What really went missing through the subprime mortgage years were the three Rs: responsibility, restraint and remorse. They are the ballast that stabilizes two better-known Rs from the world of free markets: risk and reward.

Responsibility and restraint are moral sentiments. Remorse is a product of conscience. None of these grow on trees. Each must be learned, taught, passed down. And so we come back to the disappearance of "Merry Christmas."

It has been my view that the steady secularizing and insistent effort at dereligioning [sic] America has been dangerous. That danger flashed red in the fall into subprime personal behavior by borrowers and bankers, who after all are just people. Northerners and atheists who vilify Southern evangelicals are throwing out nurturers of useful virtue with the bathwater of obnoxious political opinions.
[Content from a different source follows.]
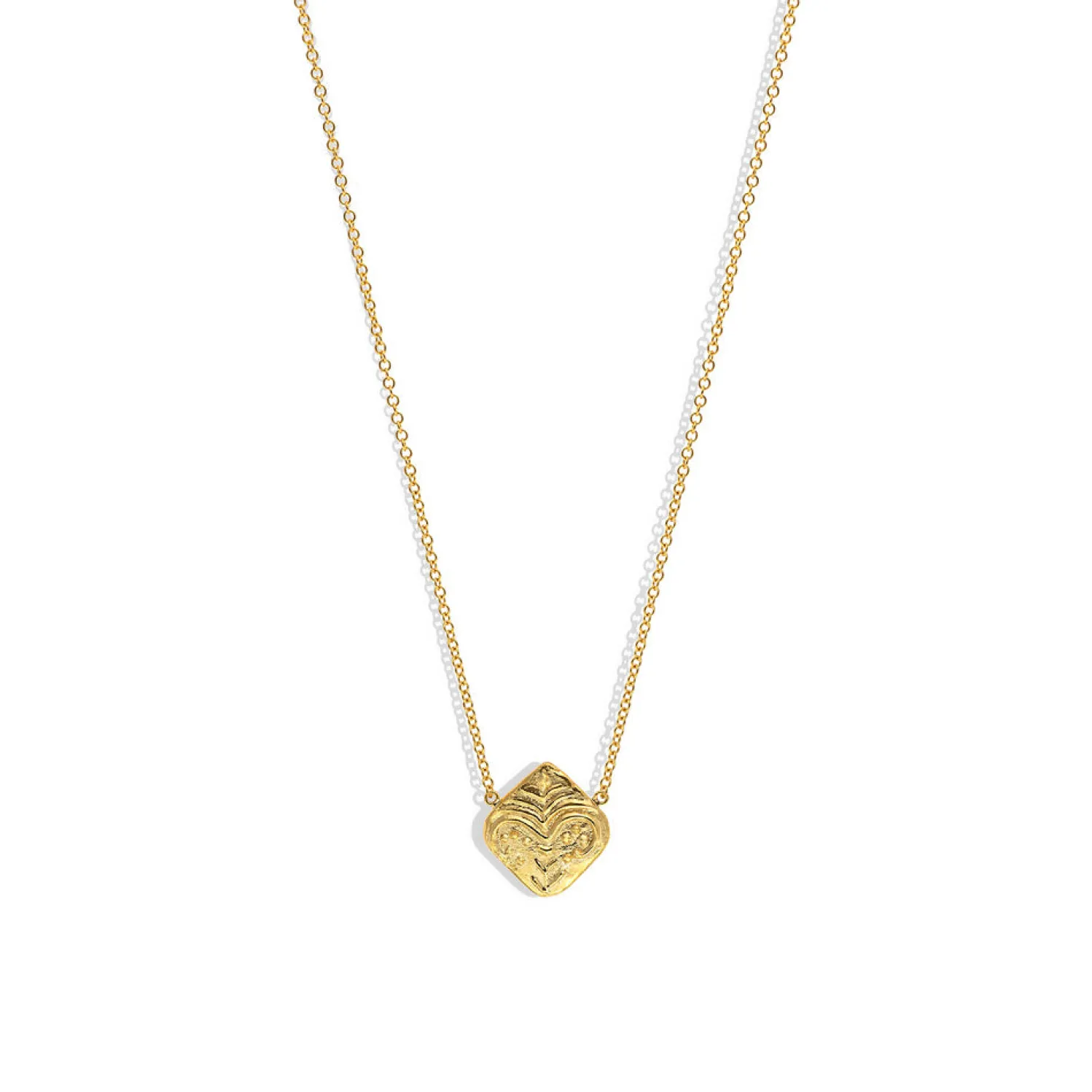 Christina Alexiou yellow gold plaque emblazoned with Greek palm frond anchored to an adjustable length chain. Palmyra, Syria, is renowned for its Greco-Roman, Persian, and local ruins, serving historically as a crucial oasis trade hub. an ancient symbol of peace and prosperity
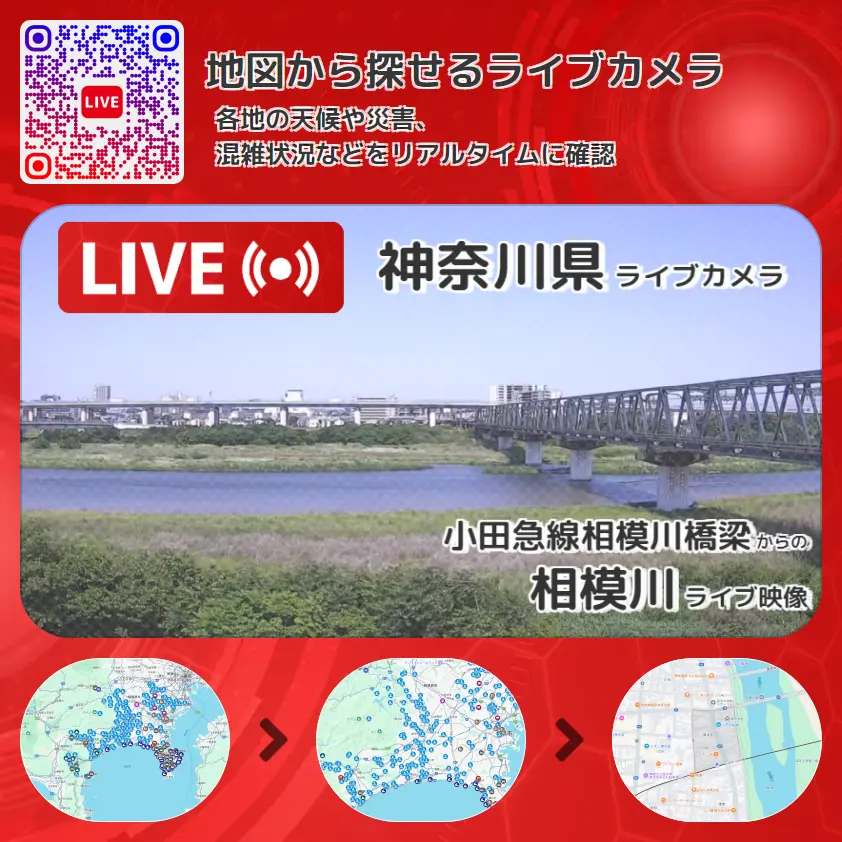 小田急線相模川橋梁から、相模川が確認できるライブカメラです。

The point for a healthy society of commerce and politics is not that religion saves, but that it keeps most of the players inside the chalk lines. We are erasing the chalk lines.

Feel free: Banish Merry Christmas. Get ready for Mad Max.

No, really. Now, maybe this is a brilliant parody. But I'm afraid it isn't.

But now I'm all curious. Was there a sudden wave of atheism leading up to October 1929? Did the malaise and stagflation of the 1970s result from people not putting luminous Santas in the front yard as early as the day after Halloween? Did Black Monday in 1987 happen because the writers of Family Ties never showed the Keatons going to church? Did the internet bubble burst because too many people spent time watching the dancing hamster and not enough time at LandoverBaptist.org?

Are bankers and borrowers really all Northeasterners? What do Southerners live in, wattle huts?

Also, every time you say Happy Holidays, does a mortgage default? Is that like an angel getting its wings every time a bell rings?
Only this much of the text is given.